*Recorded information*
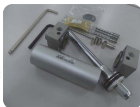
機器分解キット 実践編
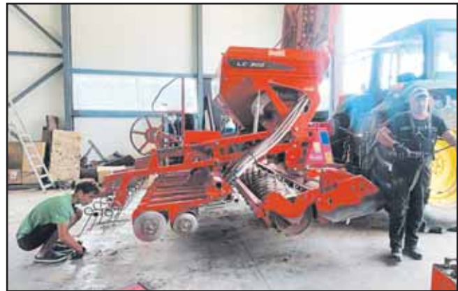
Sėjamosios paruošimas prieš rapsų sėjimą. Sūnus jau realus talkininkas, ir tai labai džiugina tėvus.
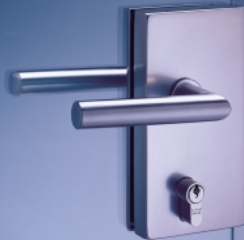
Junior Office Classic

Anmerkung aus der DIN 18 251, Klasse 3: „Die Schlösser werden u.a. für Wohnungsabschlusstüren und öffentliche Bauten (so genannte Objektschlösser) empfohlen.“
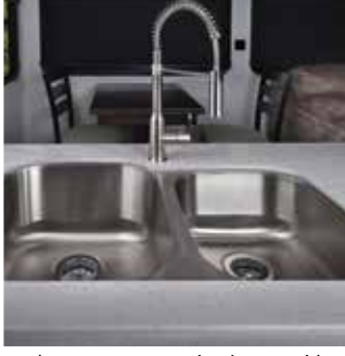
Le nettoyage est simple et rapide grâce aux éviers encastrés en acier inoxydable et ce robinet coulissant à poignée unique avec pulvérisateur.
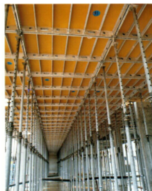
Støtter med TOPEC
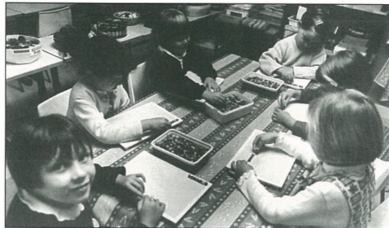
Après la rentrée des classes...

---

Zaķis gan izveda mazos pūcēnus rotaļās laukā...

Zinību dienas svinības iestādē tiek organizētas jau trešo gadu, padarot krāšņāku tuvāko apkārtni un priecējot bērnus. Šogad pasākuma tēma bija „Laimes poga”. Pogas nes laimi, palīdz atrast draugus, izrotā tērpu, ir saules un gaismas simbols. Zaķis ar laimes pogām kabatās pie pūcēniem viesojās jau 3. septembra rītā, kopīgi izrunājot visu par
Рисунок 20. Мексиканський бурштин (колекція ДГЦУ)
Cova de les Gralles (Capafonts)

==

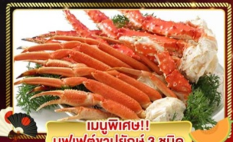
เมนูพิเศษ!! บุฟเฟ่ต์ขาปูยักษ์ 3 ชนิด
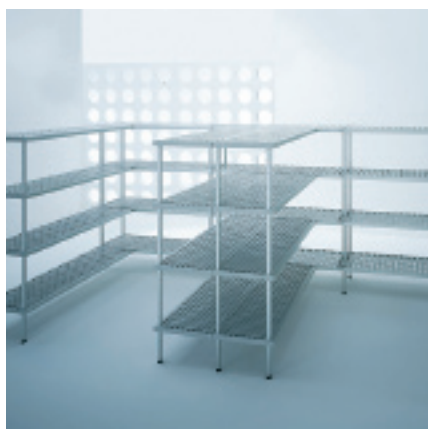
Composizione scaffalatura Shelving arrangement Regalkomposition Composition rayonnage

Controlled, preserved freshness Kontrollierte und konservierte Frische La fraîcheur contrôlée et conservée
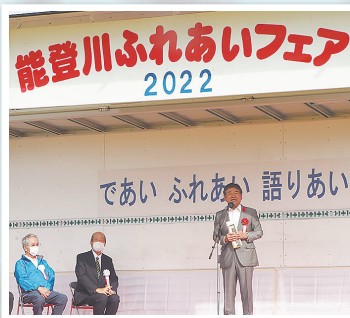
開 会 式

*Exercise description*
Retype, exactly and in full, the lines above from the one containing "Рисунок 20. Мексиканський" through the one containing "Cova de les Gralles (Capafonts)".

*Your solution*
Рисунок 20. Мексиканський бурштин (колекція ДГЦУ)
Cova de les Gralles (Capafonts)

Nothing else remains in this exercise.